Размер шрифта
-
+

Нашествие: попаданец во времена Отечественной войны 1812 года - стр. 48

Сзади раздался шорох. Алексей с положения сидя рванулся вперед, упал, перекатился на спину. Очень вовремя! Потому что сзади подкрался мужик и ударил топором по месту, где только что сидел Алексей. Вид у мужика звероватый, бородой на лице зарос по самые глаза. Топор за топорище дергает, а лезвие глубоко в бревно вонзилось. Алексея даже передернуло: не опереди он мужика, располовинил бы его.

— Эй, ты чего? С глузда съехал?

Мужик в удивлении глаза выпучил:

— Не пойму я — ты русак или француз? Форма-то на тебе чужая.

— Русский. Переоделся вынужденно.

— Тогда звиняй.

Мужик все же выдернул топор, сунул топорищем за пояс. Одет как горожанин на тяжелых работах — амбал, плотник, кожемяка. Ладони широкие, мозолистые и в плечах широк.

Алексей поднялся. Сейчас, во французской униформе, он для своих чужой, как и для французских солдат. Знал бы язык, можно было какое-то время обманывать те же патрули.

— Ты кто такой? — спросил он мужика.

— Матвей Завенягин, лесогон я.

Ага, плоты по рекам сплавляет. Но тогда он не москвич, а с северов русских — архангелогородец, пермяк, а то и из Сибири.

— Меня Алексеем звать. Ты как в Москву попал?

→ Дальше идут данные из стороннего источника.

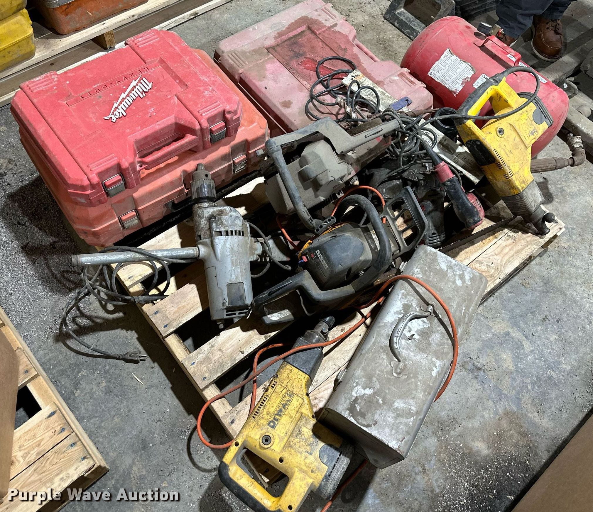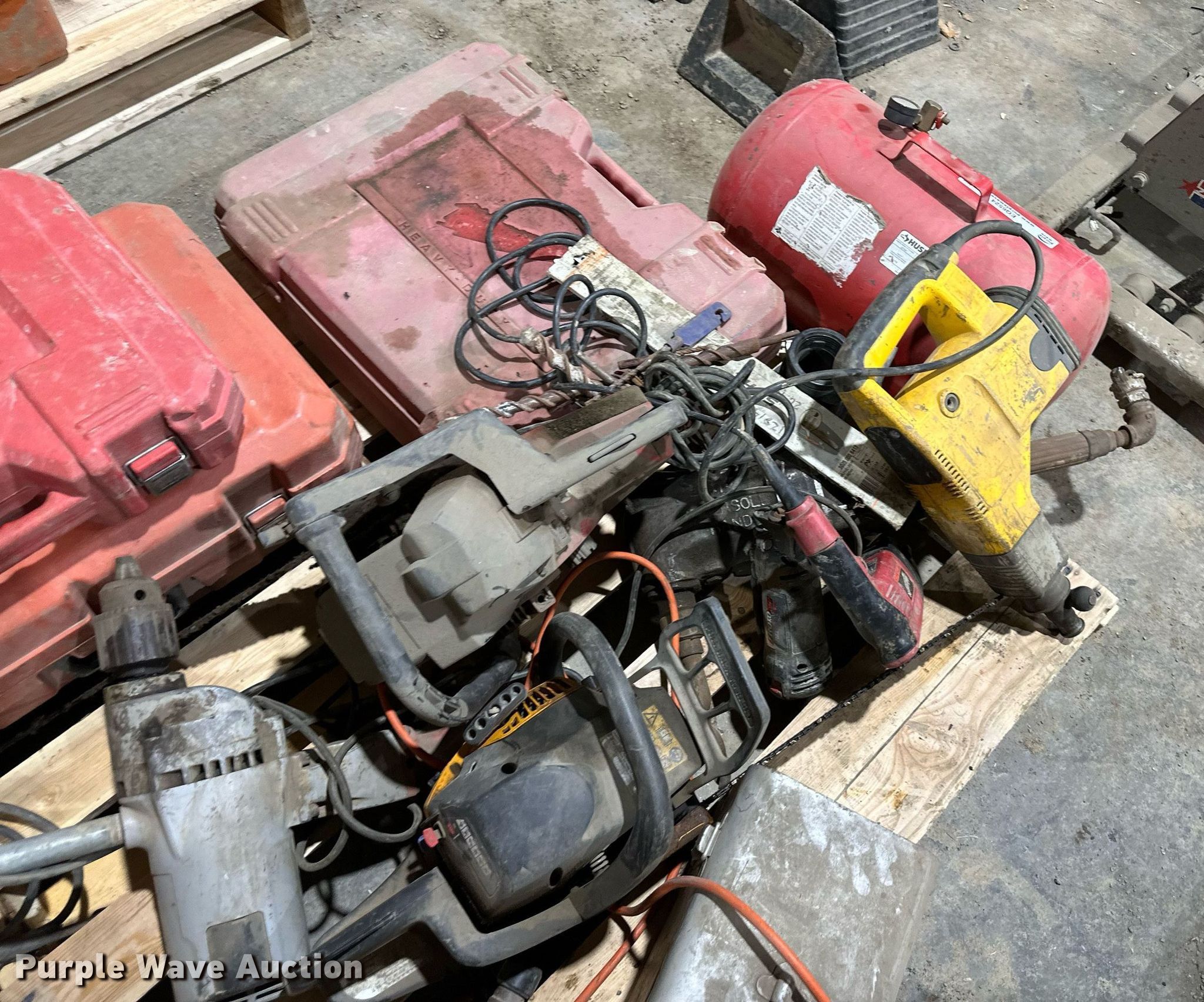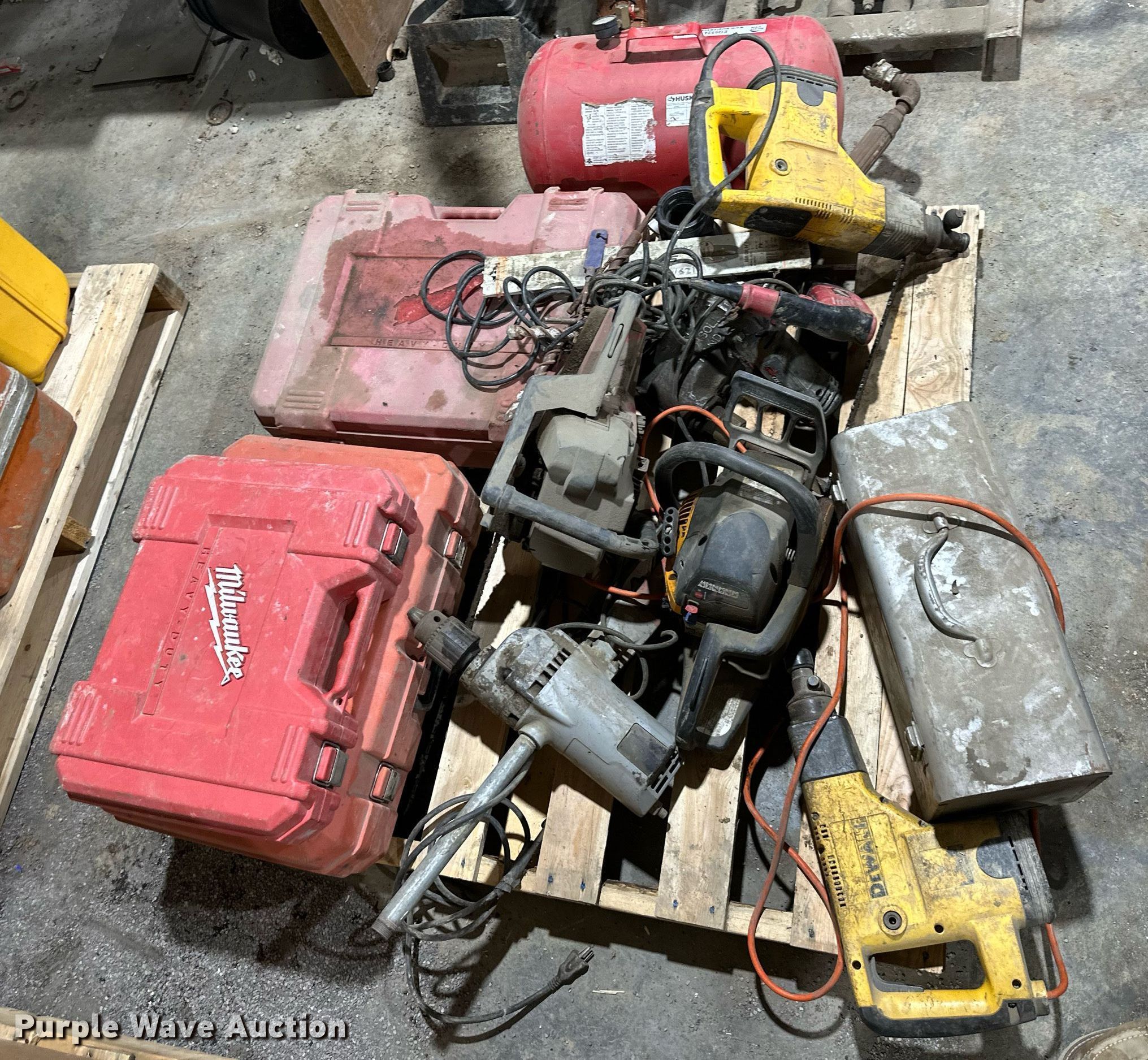 Purple Wave is selling a used Tools in Missouri. This item is a Tools with the following: (6) drills, Band saw, Pneumatic tools

— Как прослышал о наборе в ополчение, так на лодку — и поплыл. А из Москвы уже бегут все. Я не для того плыл, чтобы назад возвертаться.

— Ага, партизанить решил.

— Можно и так сказать.

— И где же обосновался?

— Тебе зачем знать?

Стережется, не хочет перед незнакомцем убежище свое открывать, да и то правильно.

— Есть хочешь?

— Неуж угостишь?

— По-царски, ветчиной. Только хлеба нет.

— Не обижусь!

И захохотал, показывая крепкие зубы.

Дошли до усадьбы. Как только Алексей подошел к дому, из него выбежали два мужика и кинулись убегать. Очередные мародеры. Застрелить бы для острастки, да не хочется выстрелом внимание привлекать и жалко пороха и пули. Склада боепитания поблизости нет, и правильнее пулю на француза использовать, чем на своего. Хотя мародер ничем не лучше чужака, тоже грабить и наживаться на чужом горе норовит.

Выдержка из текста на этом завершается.